June 11, 2007

Glittering univs are not churning gold

A majority of immigrants from India and five other nations who started one fourth of the technology and engineering companies in the United States in the last 10 years were not educated in elite institutions, says a study.

The findings were part of a new study conducted by researchers at Duke University and the University of California, at Berkeley, as a follow-up to a report released in January which showed that in 25.3 per cent of the companies started between 1995-2005, at least one key founder was foreign-born.

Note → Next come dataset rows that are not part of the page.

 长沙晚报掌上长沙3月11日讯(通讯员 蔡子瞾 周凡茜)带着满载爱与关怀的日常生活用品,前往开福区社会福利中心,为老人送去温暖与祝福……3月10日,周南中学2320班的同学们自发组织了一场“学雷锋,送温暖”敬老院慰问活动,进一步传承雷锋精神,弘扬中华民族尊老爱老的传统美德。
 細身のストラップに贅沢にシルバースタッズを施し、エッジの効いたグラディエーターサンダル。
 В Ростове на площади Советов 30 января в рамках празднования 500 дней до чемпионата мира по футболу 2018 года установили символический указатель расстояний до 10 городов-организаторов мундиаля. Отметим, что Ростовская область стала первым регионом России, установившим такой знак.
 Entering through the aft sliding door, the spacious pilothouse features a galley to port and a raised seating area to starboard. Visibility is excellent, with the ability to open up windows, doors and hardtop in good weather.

Nationwide, these immigrant-founded companies produced $52 billion in sales and employed 450,000 workers in 2005. The majority of these immigrant entrepreneurs came from India, Britain, China, Taiwan, Japan and Germany.

Highlights:

* More than half of the foreign-born founders of US technology and engineering businesses initially came to the United States to study. Very few came with the sole purpose of starting a company.

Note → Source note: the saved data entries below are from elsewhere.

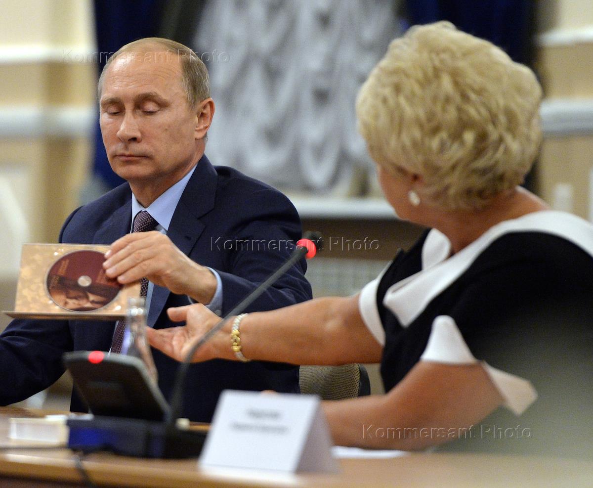 Russian President Vladimir Putin (left) and President of St. Petersburg public fund of Anatoly Sobchak, Lyudmila Narusova (right) during the presentation of the collected works of the former St. Petersburg Mayor Anatoly Sobchak. Presentation took place at the Faculty of St. Petersburg State University.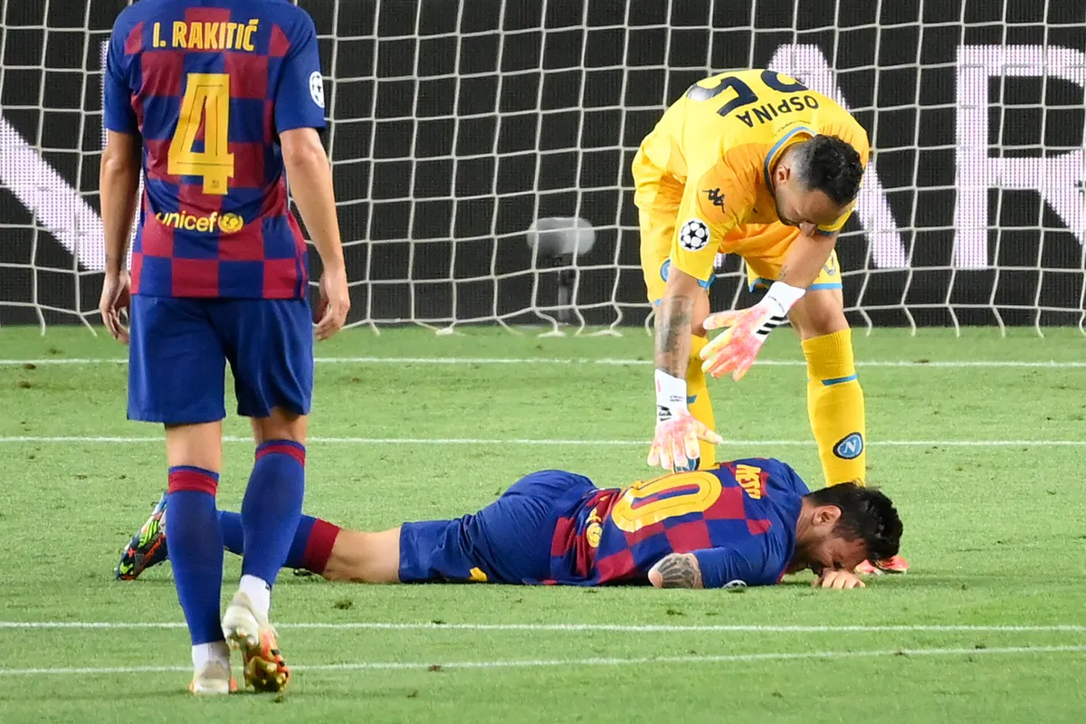 Megsérült a Barcelona hatszoros aranylabdás labdarúgója a Napoli elleni meccsen.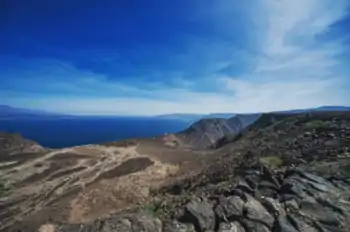 The main source of supply, however, is subsurface geothermal springs with aquifers linked to the sea water from the Ghoubbet El Kharab bay, which is 10 km (6.2 mi) to the southeast of the lake. The bay is part of the Gulf of Tadjoura, a western extension of the Gulf of Aden. The subterranean flow from the Gulf of Ghoubbet of the Red Sea is through a fissured channel of 5 km (3.1 mi) length by gravity in basalt formations of mountains existing on the east side of Lake Assal, as spring. The spring that emerges into the lake has a salt content of 39 g/L which is close to that of seawater. The lake water fluctuates by about 1.5 m (4.9 ft) with subsurface inflow estimated at 5,000–8,000 litres per second.[5][6] The seawater-derived geothermal aquifer of the Asal-Fiale area is located in an exposed and actively extending continental rift that will become an arm of the Red Sea. In particular, Lake Assal is eligible as an experimental site to study the evolution of the deep hot brines of the Red Sea.[15] Indeed, by observing the strontium composition of the Red Sea brines, it is easy to deduce how these salt waters found at the bottom of the Red Sea could have evolved in a similar way to Lake Assal, which ideally represents their compositional extreme.[15]
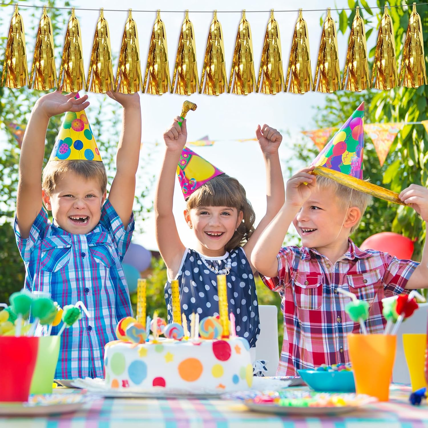 - 【Gold Party Supplies Set】: The total length of the gold birthday tassels banner is 26.2 feet, divided into 4 strips, each 6.5 feet long. Each banner contains 15 tassels, and each tassel measures 14 inches, for birthday decorations many occasions, and so on

* Almost 40 per cent of immigrant founders entered the country because of a job opportunity, with only 1.6 percent entering the country with the sole purpose of entrepreneurship. They typically founded companies after working and residing in the United States for an average of 13 years.

* Technology centres with a greater concentration of immigrant entrepreneurs in their state averages include Silicon Valley (52.4 per cent), New York City (43.8 per cent), and Chicago (35.8 per cent). Three technology centres had a below-average rate of immigrant-founded companies: Portland (17.8 per cent), Research Triangle Park (18.7 per cent) and Denver (19.4 per cent).